And The One BOWED To the King
From Military.com
Saudis Tied to US Deaths in Somalia
June 29, 2009
Philadelphia Inquirer
A Defense Department intelligence document on weapons trafficking in Somalia suggests a prominent Saudi government charity supplied arms and other aid to a Mogadishu warlord whose forces killed 18 U.S. Soldiers in the notorious Black Hawk Down battle in 1993.
The heavily redacted memo said that the Saudi High Commission, a Saudi government agency, had been a conduit for arms shipments to forces allied with Mohamed Farah Hassan Aideed, and that the arms had come from both Iraq and Sudan.
Fighters allied with Aideed engaged in a fierce street battle on Oct. 3-4, 1993, with U.S. troops on a mission to capture top Aideed lieutenants believed to be blocking efforts to stabilize the country.
The document was provided to The Inquirer by lawyers for plaintiffs in a huge lawsuit that alleges the government of Saudi Arabia bears responsibility for the Sept. 11, 2001, attacks because, over a period of a decade or more, it financed Islamic charities that in turn helped fund al-Qaeda.
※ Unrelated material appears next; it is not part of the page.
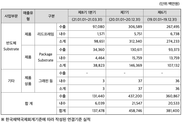 리드프레임은 전 분야에서 주요 경쟁업체 등과 함께 시장을 과점하고 있으며, 세계시장에서 당사의 점유율은 지속 성장하고 있습니다. 이는 동 공시서류에서 언급한 것처럼 높은 품질 신뢰성과 독자적인 PPF 도금 기술을 바탕으로 자동차용 반도체 재료 부문에서 높은 성장을 지속하고 있기 때문입니다.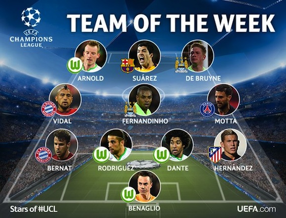Беналио (Волфсбург) - Ернандес (Атлетико Б), Данте (Волфсбург), Родригес (Волфсбург), Бернат (Байерн) - Мота (ПСЖ), Фернандиньо (Манчестър Сити), Видал (Байерн) - Де Бройне (Манчестър Сити), Арнолд (Волфсбург), Суарес (Барселона)

The lawsuit alleges the Saudi government knew it was funding charities that supported terrorism. Saudi Arabia denies the allegation.
"The Saudi Arabian High Commission has received humanitarian supplies from Sudan and Iraq; however the crates from the Sudan and Iraq have also contained military weapons, ammunition and supplies, usually hidden in false bottom containers," the intelligence report said.